On January 10, 1967, each of the plaintiffs was found guilty of the charge set forth in footnote 2, supra, and was expelled from the Local. Thereafter, each plaintiff appealed to the A.F.M. In accordance with the A.F.M.’s appeal procedures, each plaintiff submitted a statement of the grounds for setting aside his expulsion; Local 802 submitted an answer; and each plaintiff was afforded an opportunity to rebut Local 802’s claims. On June 22, 1967, the International Executive Board of the A.F.M. denied plaintiffs’ appeals.

. 49 Stat. 449 as amended by 61 Stat. 136 and 73 Stat. 519, 29 U.S.C.A. § 141 et seq.
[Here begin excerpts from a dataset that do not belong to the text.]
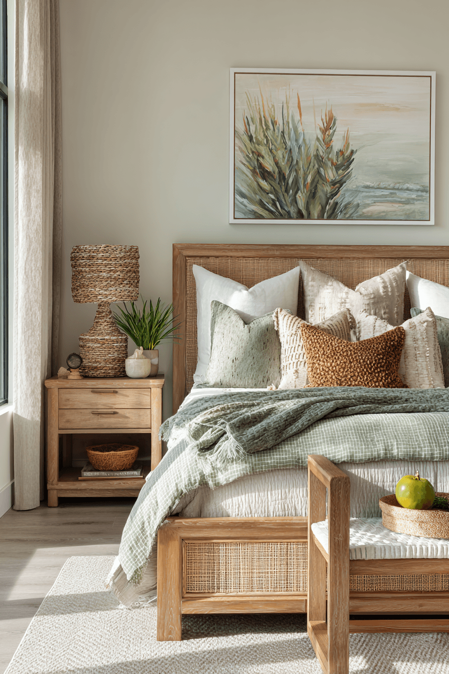 A tropical-inspired palette adds warmth and vibrancy to this beach house bedroom while maintaining a clean, modern edge. Soft greens, warm wood tones, and hints of earthy neutrals create a balanced and inviting look. Clean-lined furniture keeps the space feeling polished and uncluttered, allowing the colors to stand out. Natural textures like rattan, linen, and woven decor add comfort and depth to the design. Subtle tropical accents enhance the theme while keeping it sophisticated. The atmosphere feels fresh, relaxed, and welcoming, like a refined island retreat. Click to explore this tropical bedroom vibe!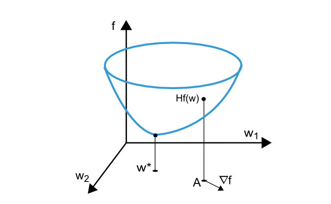 如上图所示,点 w* 是训练损失函数的极小值点。在任意点 A,损失函数能分别对权重求一阶偏导数和二阶偏导数。损失函数的一阶偏导可以使用梯度算符来表示,其中每一个权重的损失函数梯度表示如下: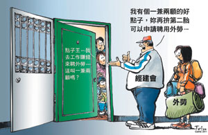 其次,目前不少父母傾向聘雇外勞,因為外勞不僅照顧孩子,也可打理家務或幫忙做生意,由於具有內政部核發執照的國內家務處理員或托育員,因薪資較高,一旦放寬外勞,必然排擠國內幫傭、托育等行業及人員。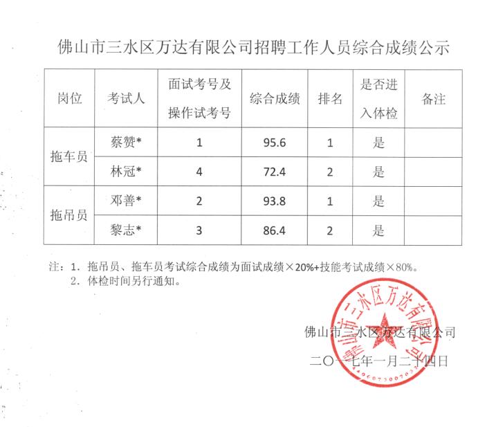 佛山市三水区万达有限公司招聘拖吊员及拖车员综合成绩公示

. The N.L.R.B. uses certain guidelines in an effort to limit the exercise of its jurisdiction to significant cases involving substantial commerce. Joe Carroll Orchestras do a gross business of over $400,000 a year which places Mr. Carroll well within the Board’s guidelines.

. 8(b) It shall be an unfair labor practice for a labor organization or its agents—

(1) to restrain or coerce (A) employees in the exercise of the rights guaranteed in section 7: Provided, That this paragraph shall not impair the right of a labor organization to prescribe its own rules with respect to the acquisition or retention of membership therein; * * *
(2) to cause or attempt to cause an employer to discriminate against an employee in violation of subsection (a) (3) of this section or to discriminate against an employee with respect to whom membership in such organization has been denied or terminated on some ground other than his failure to tender the periodic dues and the initiation fees uniformly required as a condition of acquiring or retaining membership; * * * 49 Stat. 449, 29 U.S.C.A. § 158(b) (1) (A) and (b) (2).

. Art. IV, § 1, para. H., Constitution and By-Laws of the Associated Musicians of Greater New York, Local 802 (quoted at p. 2 of the first memorandum).

. See footnote 4 in the original memorandum.